→ Your objective
Pictures are to be dropped, and only the lines from the one containing "北京時(shí)間1月31日" through the end of the data below are to be reproduced as written.

→ Data provided
*** Block opens ***
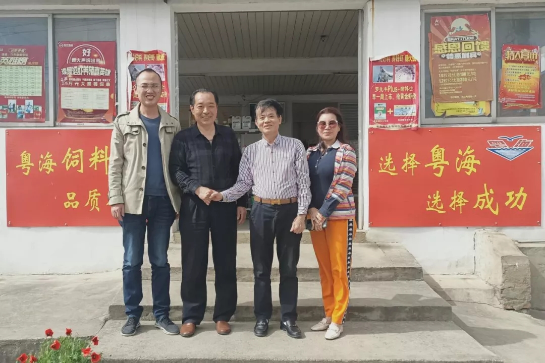粵海飼料集團董事長鄭石軒(右二)、董事徐雪梅(右一)實地考察江蘇市場,江蘇粵海總經理黃志勇(左一)陪同拜訪高郵區域經銷商吳登華(左二)
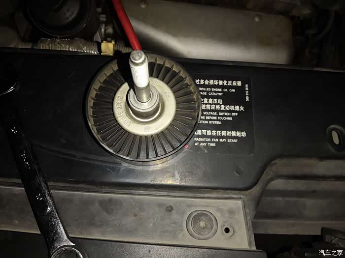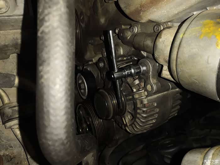 拆发电机前要拆几件东西,先拆电池上的正负极接头,后拆发电机上的电源线和线束接头和卡箍。清完各种线后,拆皮带和导向轮。拆皮带这里不详细描述,感兴趣的车友参考我发的拆水泵帖子。导向轮(有的叫惰轮,单向轮,压轮),16mm梅花扳手套上,逆时针就可以轻松取下来。
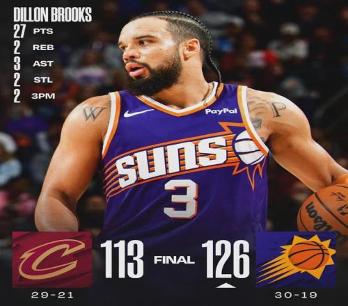 北京時(shí)間1月31日,NBA常規(guī)賽:太陽背靠背126-113輕取騎士。上一場(chǎng)轟下40分的狄龍,延續(xù)了火熱手感:14投9中,三分4中2,罰球8中7,砍下27分2籃板3助攻2搶斷,正負(fù)值+24!狄龍得分又是全場(chǎng)最高,正負(fù)值全場(chǎng)第二高。
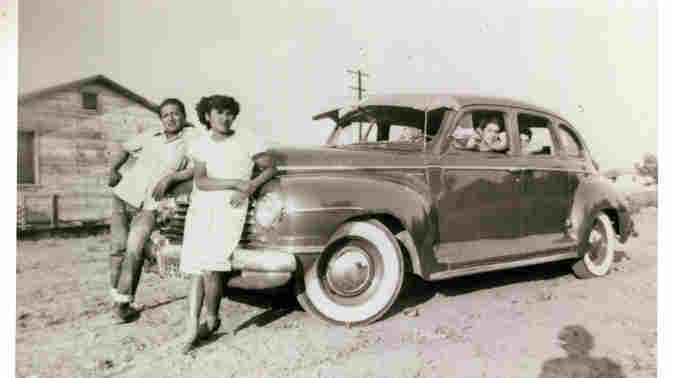 Ricardo "Papu" Ovilla, left, and the family's first car. Ovilla is pictured with his children Martha (next to him) and Aurelia and Rodolfo Sandoval (left to right, inside the car) in a photo taken in 1949 at a labor camp in Escondido, Calif.
*** Block closes ***
→ Finished exercise
 北京時(shí)間1月31日,NBA常規(guī)賽:太陽背靠背126-113輕取騎士。上一場(chǎng)轟下40分的狄龍,延續(xù)了火熱手感:14投9中,三分4中2,罰球8中7,砍下27分2籃板3助攻2搶斷,正負(fù)值+24!狄龍得分又是全場(chǎng)最高,正負(fù)值全場(chǎng)第二高。
 Ricardo "Papu" Ovilla, left, and the family's first car. Ovilla is pictured with his children Martha (next to him) and Aurelia and Rodolfo Sandoval (left to right, inside the car) in a photo taken in 1949 at a labor camp in Escondido, Calif.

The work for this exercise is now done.